DESCRIPTION (provided by applicant): We have a long-standing interest in how eukaryotic mRNA 3' ends are formed. Regulation of gene expression can be accomplished by regulating polyadenylation. We have combined this interest in polyadenylation with an interest in human collagen types I and II. Collagen plays a key role in normal cartilage development and skeletal morphogenesis. We have recently discovered and published that human COL1A2 polyadenylation is regulated by cis-acting elements present in the 3' untranslated region (3' UTR) of the COL1A2 mRNA, and that these elements influence the 3' end processing efficiency. Human COL1A1 and COL2A1 we have now discovered also contain these cis-acting elements. Based upon these findings, this project proposes to investigate the mechanism of regulation of polyadenylation of all these type I and II collagen pre-mRNAs. These investigations will expand our goal of better understanding the expression of collagens, and how mutations and abnormal gene expression regulation can initiate a disease state. Our specific aims for this project are: 1) To identify all the cis-acting elements involved in 3' polyadenylation site usage in the human collagen genes COL1A1, COL1A2, and COL2A1 and 2) To determine what trans-acting factor(s) bind to these cis-acting elements. First, we will identify cis-acting elements by deletion and site-directed mutagenesis, and examine their ability to affect polyadenylation efficiency both in vitro and in vivo. Second, protein factors that bind to these cis-acting signals will be explored and characterized. Determination of these protein factors will provide us with clues as to the functional significance of cis-acting auxiliary elements. Gaining an understanding of the RNA signals and protein factors involved in regulation of 3' end formation of these human collagen genes will help us to comprehend collagen gene expression regulation, which will in turn lead to novel insights into skeletal defects and other collagen-based diseases.

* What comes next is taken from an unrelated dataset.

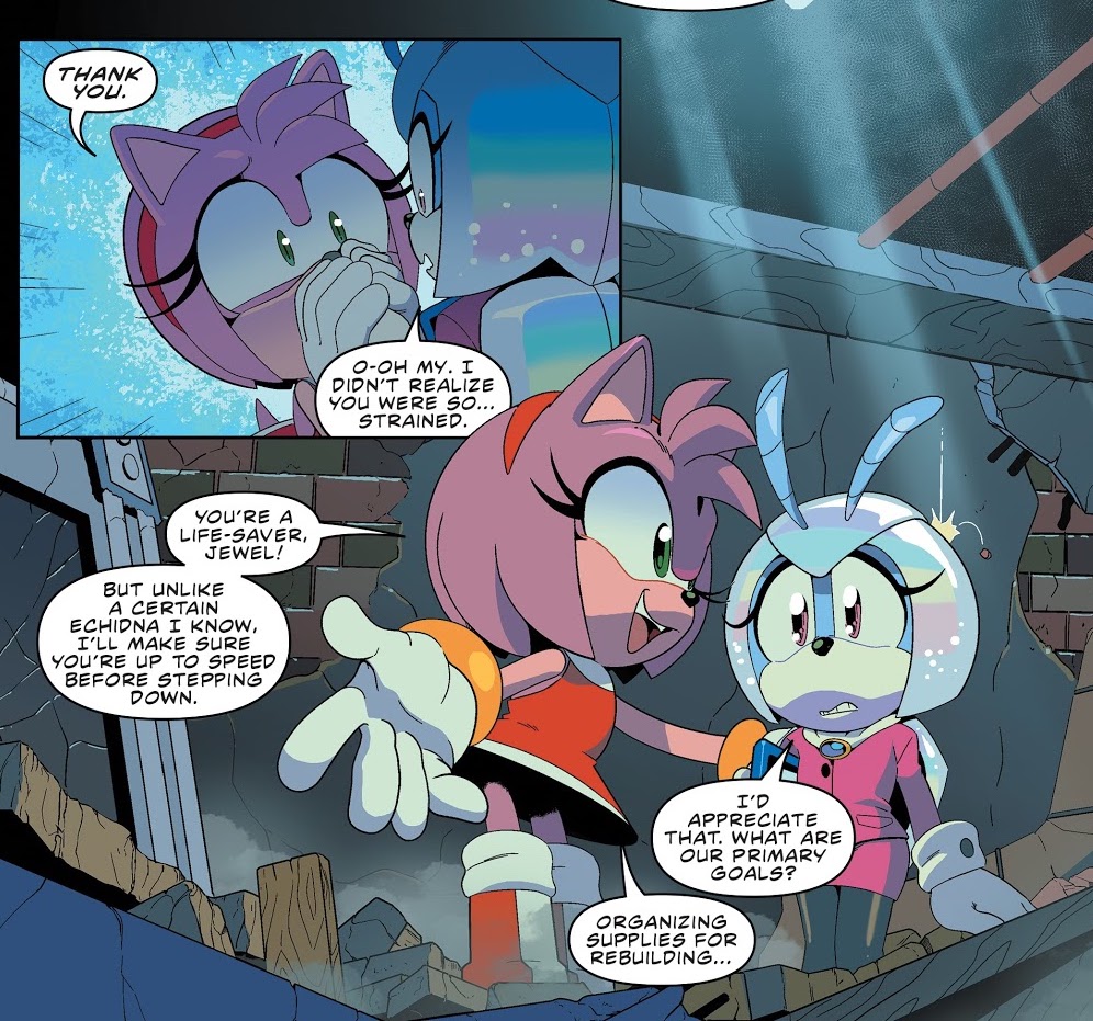 Back on Earth, Amy finds herself unable to deal with a large amount of paperwork in an even more worn down Restoration HQ. She says that she is no leader and she helped administrate the Resistance because everyone needed to pitch in. She only became leader of the Restoration because no one else was there and work had to be done. The young hedgehog thinks for herself, wishing that she could go back to the days of when it was just her and Sonic racing around from one adventure to the next. Solemnly recalling Sonic's disappearance, Amy says that he gave everything to save everyone from the Metal Virus and since he never gave up, she should not either. Just as the hedgehog wishes that she had some help, Jewel enters the room looking for her. The two introduce each other and Jewel tells Amy why she came by; she had heard from Tangle how Amy was not enjoying the rigors of her work, even before the plague. The beetle explains how she likes to catalogue and organize and notes how excited she feels by looking around the room and bringing it to order. With this, Jewel offers to take over administration of the Restoration and give Amy a break. Amy is taken aback with the kindness and simply says to Jewel "Thank you." Jewel is slightly startled by this and notes that she did not think that Amy was so strained. Calling Jewel a life-saver, Amy decides to bring her up to speed on the current Restoration affairs before stepping down, with the primary goals being to organize supplies for rebuilding and find people displaced by their time as Zombots.

描述（由申请人提供）：我们对真核mRNA 3'端如何形成有长期的兴趣。基因表达的调节可以通过调节多聚腺苷酸化来完成。我们已经结合了这种兴趣，在多聚腺苷酸化的兴趣，在人类胶原蛋白I型和II型。胶原蛋白在正常软骨发育和骨骼形态发生中起关键作用。我们最近发现并发表了人COL 1A 2多聚腺苷酸化受COL 1A 2 mRNA的3'非翻译区（3' UTR）中存在的顺式作用元件调节，并且这些元件影响3'末端加工效率。我们现在发现的人COL 1A 1和COL 2A 1也含有这些顺式作用元件。基于这些发现，本项目提出研究所有这些I型和II型胶原蛋白前体mRNA的多聚腺苷酸化的调节机制。这些研究将扩大我们的目标，更好地了解胶原蛋白的表达，以及突变和异常基因表达调控如何启动疾病状态。本课题的具体目标是：1）鉴定人胶原基因COL 1A 1、COL 1A 2和COL 2A 1中所有参与3'多聚腺苷酸化位点使用的顺式作用元件; 2）确定与这些顺式作用元件结合的反式作用因子。首先，我们将通过缺失和定点突变来识别顺式作用元件，并检查它们在体外和体内影响多聚腺苷酸化效率的能力。其次，蛋白质的因素，结合这些顺式作用的信号将进行探索和表征。这些蛋白质因子的确定将为我们提供线索，顺式作用的辅助元件的功能意义。了解这些人胶原基因3'端形成调控中的RNA信号和蛋白因子将有助于我们理解胶原基因表达调控，这反过来又会导致对骨骼缺陷和其他胶原相关疾病的新见解。